By Mehnaz Yasmin and Manya Saini
(Reuters) -American Express Co’s quarterly card spending soared to a record as pandemic-weary travelers shrugged off rising airfare to throng airports, helping the company raise its annual revenue forecast and sending its shares 5% higher.
The credit card giant also trounced estimates for April-to-June profit and joined major U.S. banks including JPMorgan Chase & Co in highlighting the resilience of consumer spending in the face of an uncertain economic outlook.
Chief Executive Officer Steve Squeri, however, said loss rates would rise slowly, though they would remain well below pre-pandemic levels this year.
The company added $410 million in provisions for credit losses, mirroring similar buildups at major U.S. banks, and said it expects to set aside more funds.
“What I have seen a correlation between … people losing their jobs and not being able to pay their bills. And so that’s potentially an issue down the road,” Squeri said.
The number of Americans enrolling for unemployment benefits rose for a third straight week last week to the highest in eight months, signs the economy was slowing due to rising interest rates and high inflation.

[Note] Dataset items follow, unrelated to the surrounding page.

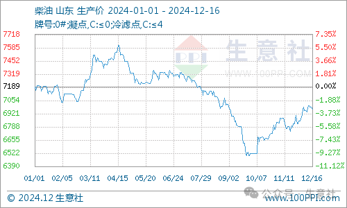 2024年国内柴油走势整体呈现“N”型,柴油最低价是9月底的6501元/吨,最高价是4月中旬的7607.4元/吨,年内最大振幅为17.02%。
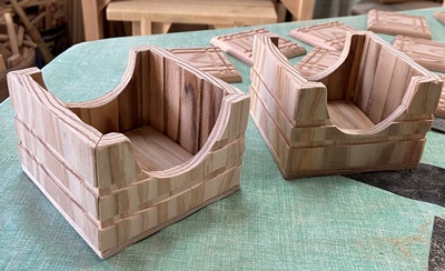 38mm厚の2*4 SPF材と24mm厚の松。 28*27cmの深さ28mmと19*15cmの深さ17mm。 |
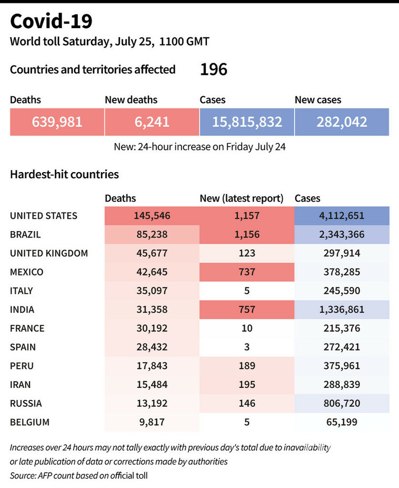 【7月25日 AFP】AFPが各国当局の発表に基づき日本時間25日午後8時にまとめた統計によると、世界の新型コロナウイルスによる死者数は63万9981人に増加した。

For now, though, AmEx is benefiting from bottled-up demand and the easing of COVID-19 curbs that have sparked the strongest summer travel season since the start of the pandemic.
Strong consumer spending has been a feature of the company’s earnings for several quarters, but the recovery in international and corporate travel was the key driver this time, said Michael Miller, equity analyst at Morningstar.
He added that “a growing premium cardholder base creates a virtuous cycle for American Express.”
The company added 3.2 million new proprietary cards in the quarter ended June 30. Its net income of $2.57 per share beat the $2.41 expected by analysts, according to Refinitiv data.